本長篠駅で1時間ほど次の列車を待ち、13時01分に城西駅に到着。駅を降りたら川沿いを歩き、撮影スポットに向かう。見事なS字を描いた鉄橋は、行っては戻る通称「渡らずの橋」。いったん川を渡った後、対岸ではなくまた元の岸に戻っていくのがわかる。もともと山にトンネルを掘って線路を建設する予定だったが、不安定な地盤で工事が難航したことから山を迂回するルートが選ばれて現在の不思議な形状に至った。遠回りしても最終的に目的地に着けばいい。鉄道は人生に似ている。


飯田線随一の秘境「小和田駅」を降りればそこには息をのむ絶景が

城西15:49発→小和田16:11着 527M列車

小和田駅
佐久間ダムの湖だった美しい水面
佐久間ダムの湖だった美しい水面 2

旅人が残した思い出帳をボーッと眺める。趣ある駅舎を出て急坂を下ると、かつての佐久間ダムの湖だった美しい水面があった。周囲に何一つなく、クルマでも到達できないことから秘境駅ブームの火つけ役にもなった場所で、絶景を心ゆくまで堪能してみる。


1日目は「平岡駅」で終了駅直結の宿でエネルギーをチャージ

小和田17:16発→平岡17:32着 531M列車

平岡駅
龍泉閣

DAY2

平岡7:52発 1507M列車

天竜川の川面

17時32分平岡駅着。駅直結の「龍泉閣」で1日目の旅を終える。アルカリ性単純泉とおいしい食事で英気を養ったら、翌朝7時52分発の列車で2日目スタート。学生と一緒に列車に揺られながら朝日に輝く天竜川の川面を眺める。


絶壁に立つ「田本駅」で山の静けさを独り占め

田本8:11着

田本駅

鉄道ファンなら誰もが一度は行きたいと願う秘境駅の一つ。切り立った岩壁沿いにカーブする狭い駅ホームからは天竜川が望める。線路脇にある狭い階段を上ると見晴らしのいい高台があり、そこからホームを一望。駅の姿にあらためて驚く。高台の先の狭い道を抜け20分ほど歩くと人家があるというがそこまで足を延ばす勇気はない。一日の平均乗降者数はわずか2人だとか。

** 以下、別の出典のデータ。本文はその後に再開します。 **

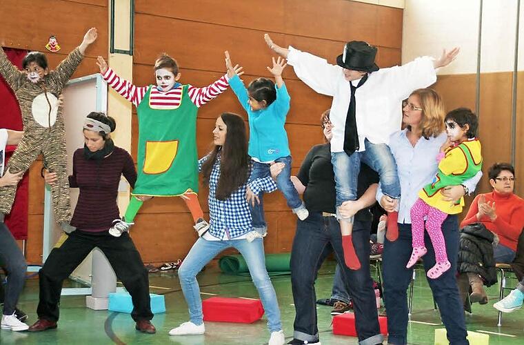 Den Zuschauern hat es Riesenspaß gemacht, die Kinder fröhlich und unbeschwert zu erleben, die Eltern sparten nicht mit Beifall, auch wenn mal ein Zaubertrick danebenging, oder die Choreographie beim gemeinsamen Seilhüpfen nicht ganz perfekt gelang. Die Schülerinnen und Schüler gaben Hilfestellung, wo sie nur konnten. Wenn ein Kind aber, vielleicht beeindruckt vom Rampenlicht die Manege verließ , um auf den Schoß der Eltern zu klettern, dann fiel die Nummer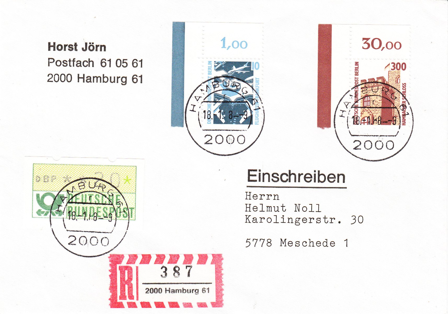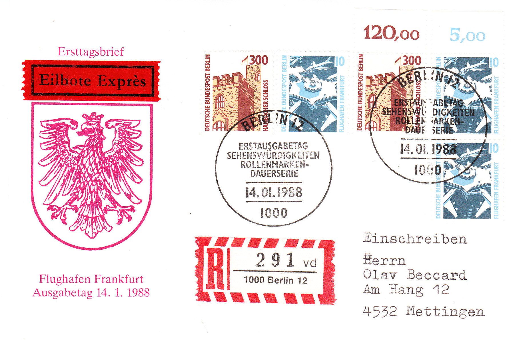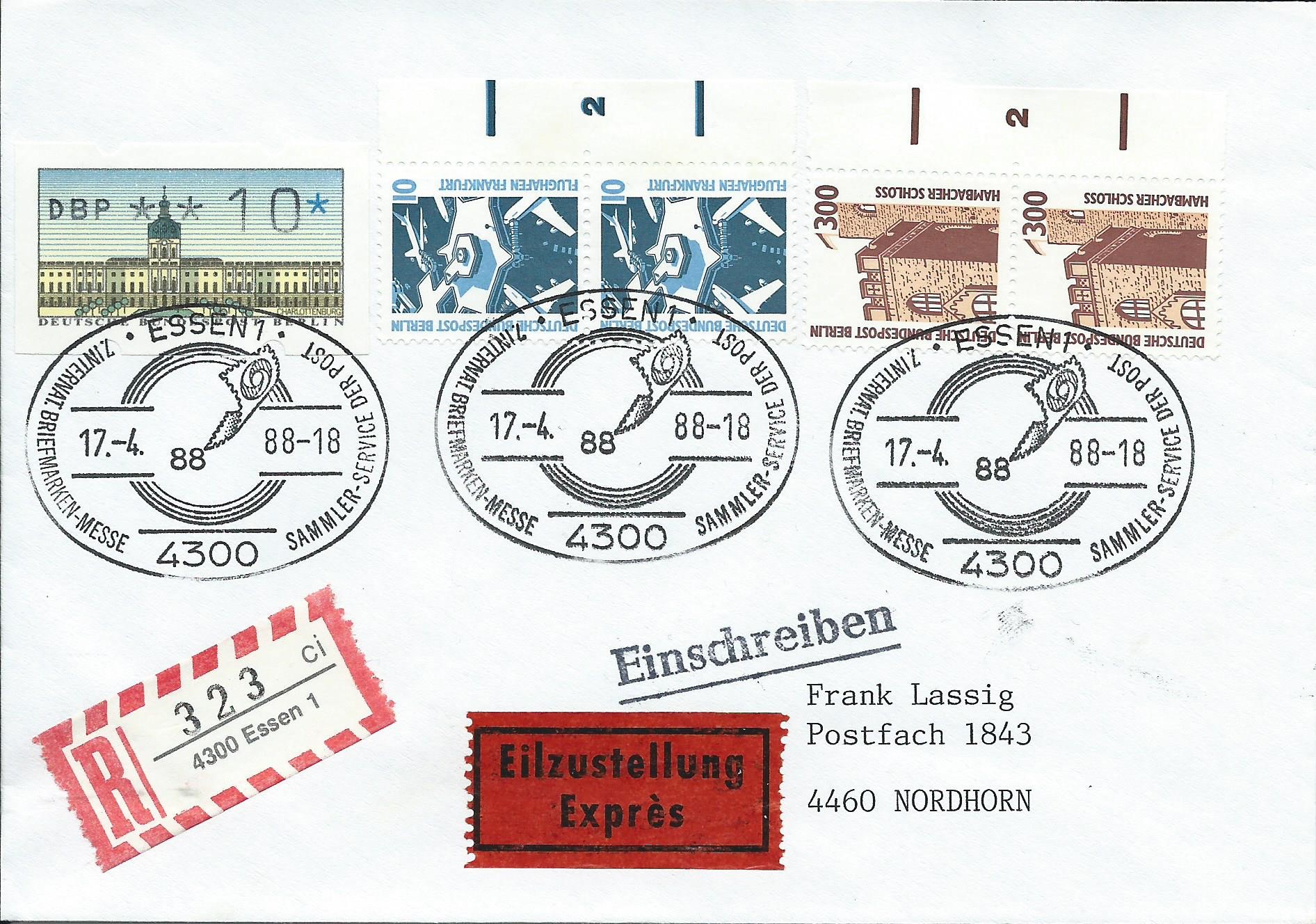hier kommt ein Beleg, der gleich in 2 Wertstufen passt: Einmal zur 10 Pf und einmal zur 300 Pf-Marke. Beide Werte sind im senkrechten Paar vorhanden und haben die Formnummer 2 im Bogenrand. Gestempelt wurde der Einschreib-Eil-Brief am 17.4.88 in Essen mit einem Sonderstempel zur dortigen Messe.

8時11分田本駅到着。ドアを開け降りたのは私たちだけだった。ホームに降りた瞬間に感じたのは圧迫感だ。目の前には切り立った崖。安全を確保する黄色い線は狭いホームの真ん中に位置していて、自然と壁沿いを歩くことになる。特急列車が通過する際はさぞかしスリリングなことだろう。駅を一望する展望台に行くと、思わずヤッホーと叫びたくなり、遠くの山から少し遅れてこだまが返ってきた。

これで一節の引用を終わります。